PROBLEM STATEMENT
Only the lines from the one with "A fürdőszoba tágas, sarokkádas, 2" through the end of the data below belong in the answer, restated word for word, pictures excluded.

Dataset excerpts
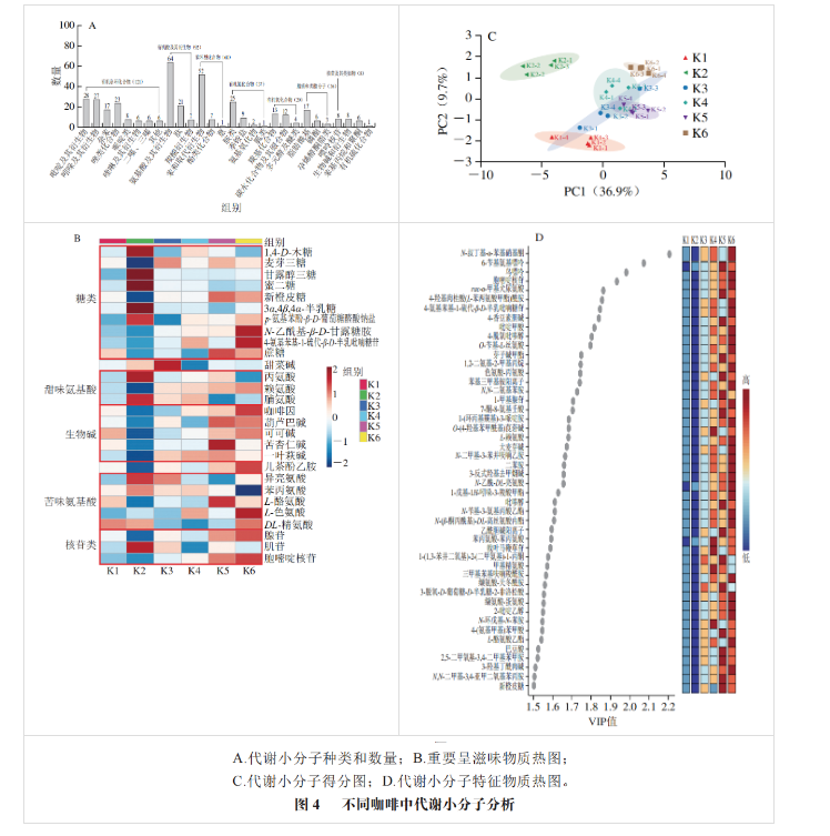 通過(guò)PLS-DA對(duì)不同咖啡代謝小分子的關(guān)系進(jìn)行綜合分析。由圖4C可知,K1、K2是淺度烘焙咖啡,在PC1的負(fù)半軸,中度、中深度烘焙咖啡在PC1的正半軸、原點(diǎn)附近,可以明顯區(qū)分。由圖4D可知,L-酪氨酸乙酯、色氨酸-丙氨酸、纈氨酸-天冬酰胺等12種氨基酸及肽類似物,巴豆酸、戟葉馬鞭草苷等5種脂類,鳥(niǎo)嘌呤、1-甲基腺苷等48 個(gè)化合物是引起各樣品差異的主要差異代謝物(變量投影重要性(VIP)>1.5)。區(qū)分6 種不同咖啡的烘焙度及產(chǎn)地,可直接選用部分呈滋味化合物,如胞嘧啶核苷、賴氨酸、新橙皮糖等,但更多的是與咖啡的非呈滋味代謝物有關(guān)。有研究通過(guò)超高效液相色譜串聯(lián)質(zhì)譜進(jìn)行代謝組學(xué)分析得到36 種云南小??Х扰c埃塞俄比亞咖啡的潛在標(biāo)志物,包括多酚16 種、脂質(zhì)類8 種、糖類6 種以及少量生物堿類、有機(jī)酸類、萜類。
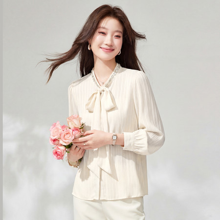 2026新款雪纺衫衬衫罩衫丝带蝴蝶结衬衫
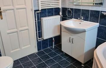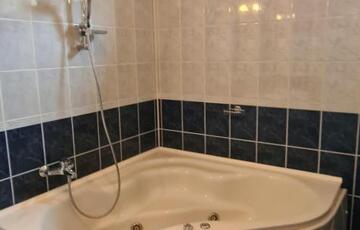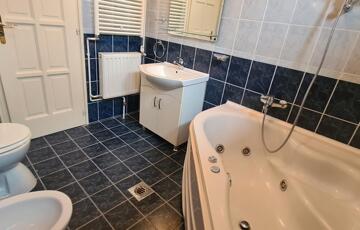 A fürdőszoba tágas, sarokkádas, 2 ablakon keresztül is érkezik be fény, törölközőszárító radiátorral és bidével is felszerelt.
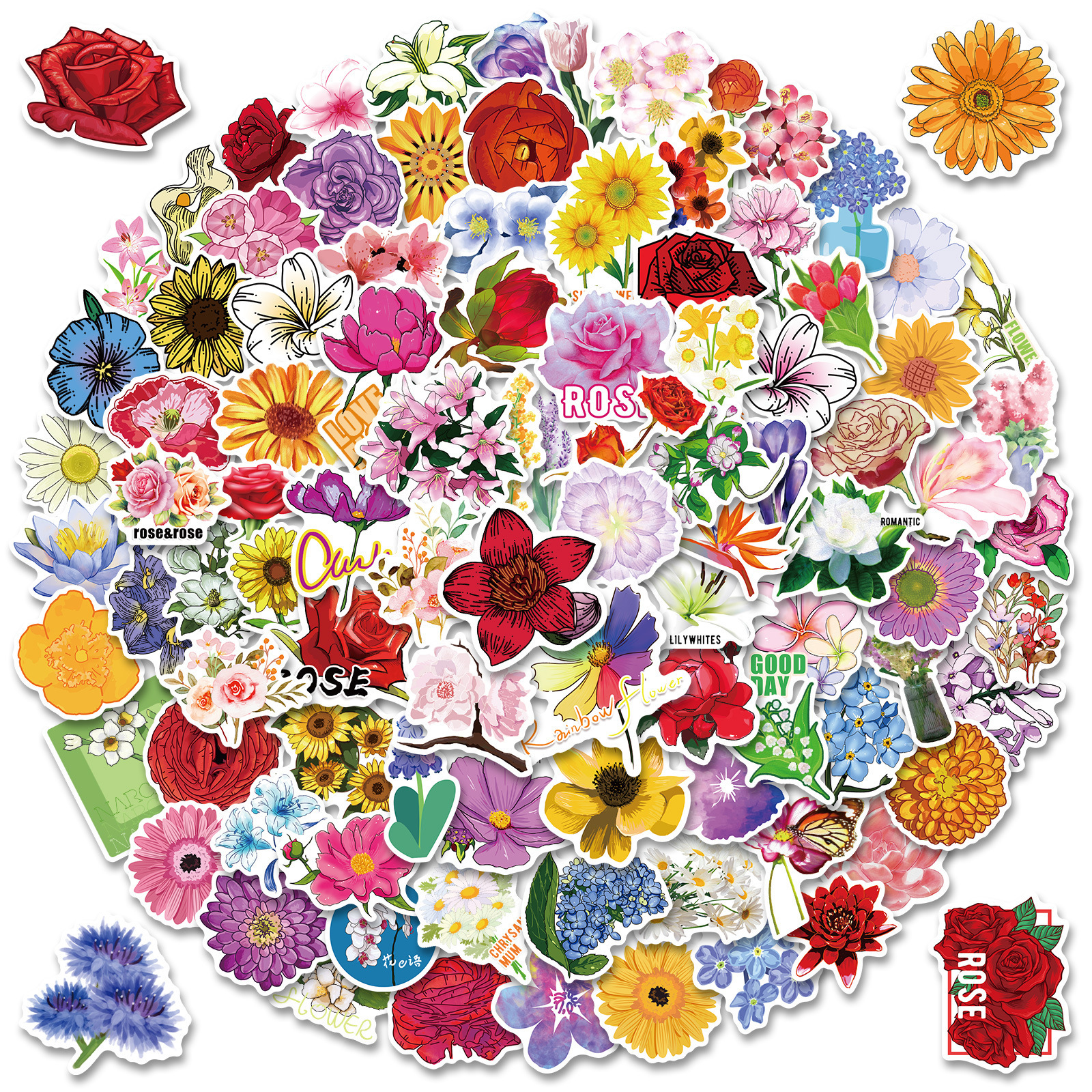100 아름다운 꽃 꽃 소녀 심장 손 계정 스티커 컵 휴대 전화 어린이 보상 스티커 도매
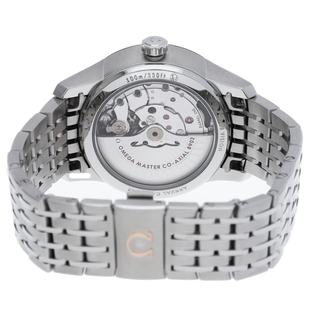 年次カレンダー機能を備えた、コーアクシャル マスタークロノメーター 「キャリバー8902」搭載 15000ガウスまでの超高耐磁性を備えたムーブメントです。また、ゼンマイを収めた香箱車を2つ備え、55時間のパワーリザーブを実現しました。
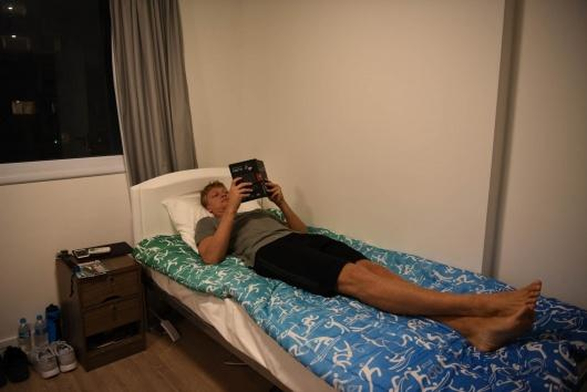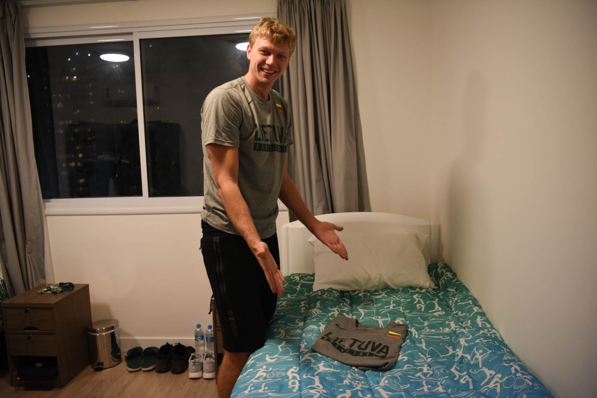 Ilgesnė lova nereikalinga ir jo komandos draugui Mindaugui Kuzminskui, eidamas miegoti jis taip pat išsiima lovos prailginimą.
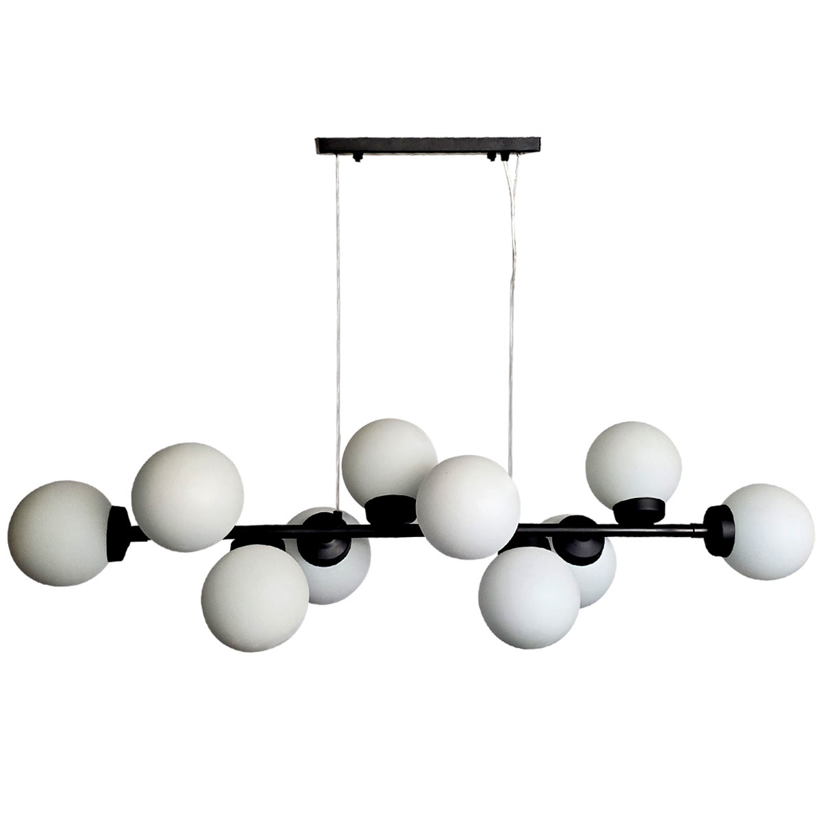 چراغ آویز مدل KNT10 از سری چراغ های آویز خطی مولکولی مدرن است که دارای بدنه اصلی آهنی با پوشش رنگ استاتیک کوره ای و 10 حباب با قطر های 14 سانتی متر با جنس شیشه ای است.برای 10 شعله این چراغ آویز زیبا از سرپیچ های معمولی یا E27 بهره گرفته شده که امکان استفاده از لامپ های LED تا 12 وات را فراهم کرده است. ارتفاع این آویز خطی زیبا به وسیله کابل های تنظیم ارتفاع قابل تنظیم تا حداکثر 1 متر از سقف و حداقل ترین حالت نزدیک به سقف قابل تنظیم است که برای محیط هایی با ارتفاع کم هم کاملا قابل استفاده است. از این آویز زیبا در فضاهای مستطیل شکل تا نهایت 30 متر و بالای میز های نهار خوری، بالای کانتر و جزیره آشپزخانه ها و هر فضای داخلی دیگر می توان استفاده نمود.

ANSWER TO THE PROBLEM
 A fürdőszoba tágas, sarokkádas, 2 ablakon keresztül is érkezik be fény, törölközőszárító radiátorral és bidével is felszerelt.
100 아름다운 꽃 꽃 소녀 심장 손 계정 스티커 컵 휴대 전화 어린이 보상 스티커 도매
 年次カレンダー機能を備えた、コーアクシャル マスタークロノメーター 「キャリバー8902」搭載 15000ガウスまでの超高耐磁性を備えたムーブメントです。また、ゼンマイを収めた香箱車を2つ備え、55時間のパワーリザーブを実現しました。
 Ilgesnė lova nereikalinga ir jo komandos draugui Mindaugui Kuzminskui, eidamas miegoti jis taip pat išsiima lovos prailginimą.
 چراغ آویز مدل KNT10 از سری چراغ های آویز خطی مولکولی مدرن است که دارای بدنه اصلی آهنی با پوشش رنگ استاتیک کوره ای و 10 حباب با قطر های 14 سانتی متر با جنس شیشه ای است.برای 10 شعله این چراغ آویز زیبا از سرپیچ های معمولی یا E27 بهره گرفته شده که امکان استفاده از لامپ های LED تا 12 وات را فراهم کرده است. ارتفاع این آویز خطی زیبا به وسیله کابل های تنظیم ارتفاع قابل تنظیم تا حداکثر 1 متر از سقف و حداقل ترین حالت نزدیک به سقف قابل تنظیم است که برای محیط هایی با ارتفاع کم هم کاملا قابل استفاده است. از این آویز زیبا در فضاهای مستطیل شکل تا نهایت 30 متر و بالای میز های نهار خوری، بالای کانتر و جزیره آشپزخانه ها و هر فضای داخلی دیگر می توان استفاده نمود.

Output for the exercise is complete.